HELD: No. A writ of mandamus is a remedy granted by law when any tribunal, corporation, board, officer, or person unlawfully neglects the performance of an act which the law specifically enjoins as a duty resulting from an office, trust, or station, or unlawfully excludes another from the use or enjoyment of a right or office to which such other is entitled. It has been recognized as an appropriate remedy to raise constitutional issues and to review and/or prohibit or nullify, when proper, acts of legislative and executive officials.

For such writ to be issued in a case alleging an officer’s neglect of duty, as in this case, a concurrence between a clear legal right accruing to the petitioner and a correlative duty incumbent upon the respondent to perform an act, this duty being imposed upon them by law, is required. The respondent must likewise be shown to have actually neglected to perform the act mandated by law. This duty must likewise be ministerial, rather than discretionary in nature, because courts cannot subvert legally vested authority on the respondent to exercise discretion.
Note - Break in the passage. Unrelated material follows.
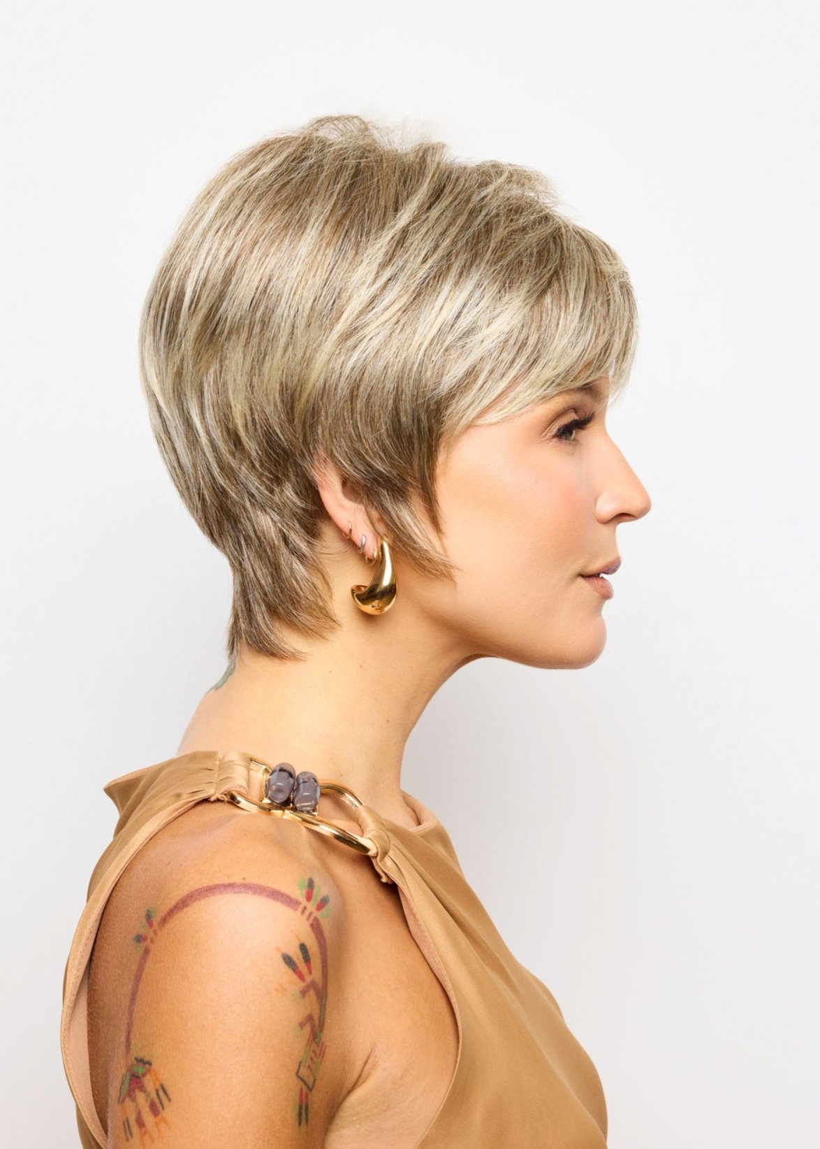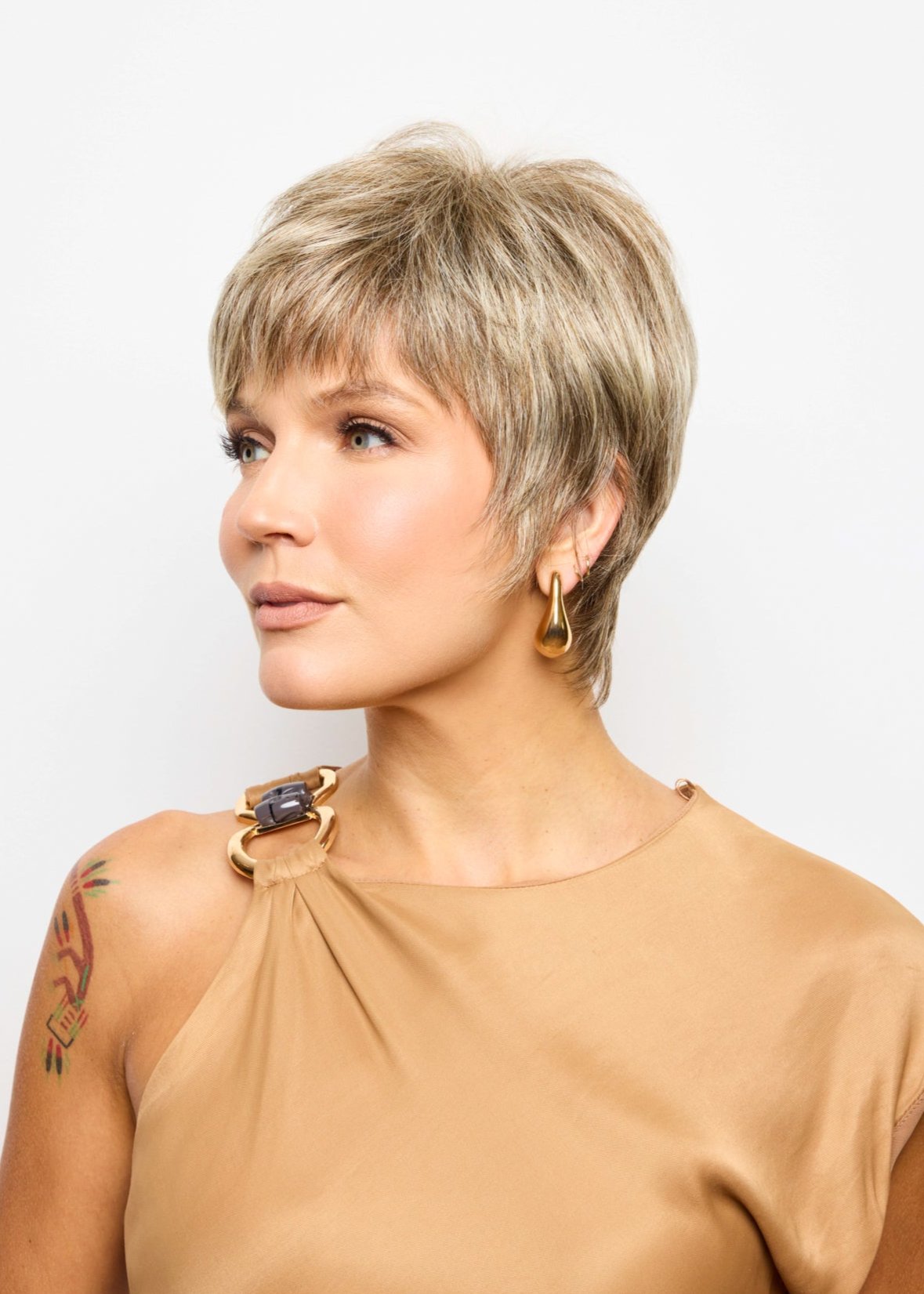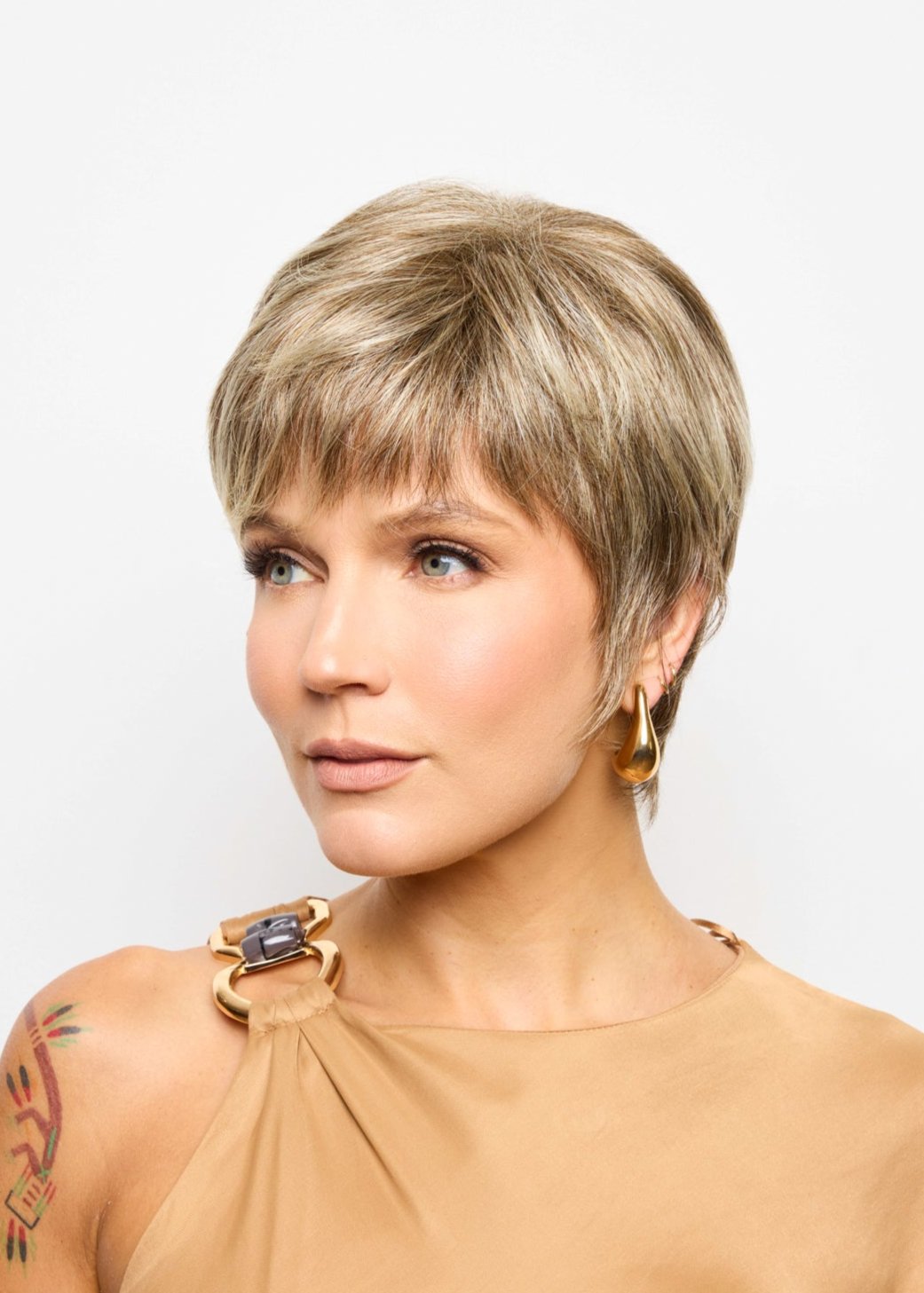 Sally from the Noriko Collection is a short-length synthetic wig. This straight ready-to-wear wig is a short-layer style with a soft fringe to frame the face while a tapered back hugs the nape. Sally is machine made with adjustable tabs in the back nape area to allow a more comfortable fit. The result is a comfortable fit with a natural look that is both fashionable and easy to wear.

A mandamus petition will also not prosper unless it is shown that there is no other plain, speedy, and adequate remedy in the ordinary course of law.

In this case, the duties of the PNP, DOJ, and CHR being sought to be compelled are not mere ministerial duties. They are discretionary.

In fact, on the part of CHR, it was able to show that it has conducted investigations on alleged deaths which occurred as a result of the Drug War.

Baquirin et al admitted that they bypassed the lower courts and went immediately to the Supreme Court, thus violating the principle of hierarchy of courts, however, they invoked that due to the transcendental importance of the issue at hand and that the anti-illegal drug operations have reportedly resulted in an unprecedented number of deaths nationwide, many allegedly in the hands of the police, then resort to the highest court of the land is proper. This is not tenable.

The doctrine of transcendental importance warranting the relaxation of the rule on the hierarchy of courts may only be invoked if:

(a) there is a clear or imminent threat to fundamental rights;
(b) the presence of a clear case of disregard of a constitutional or statutory prohibition by the public respondent agency or instrumentality of the government; and
(c) the lack of any other party with a more direct and specific interest in raising the questions being raised.

In this case, Baquirin et al failed to show any injury so great and so imminent on their part such that the Court cannot instead adjudicate the issues raised on the occasion of an appropriate case instituted by parties who suffer from direct, substantial, and material injury. They were likewise remiss in justifying their direct resort to the Court and their choice of remedy. On these issues alone, the Petition should be dismissed.

The Supreme Court also clarified that the writ of continuing mandamus is available only in environmental cases. Requiring the submission of periodic reports on the discharge of the respondents’ functions to the Court violates the fundamental doctrine of separation of powers, which serves to temper the official acts of each branch of the government.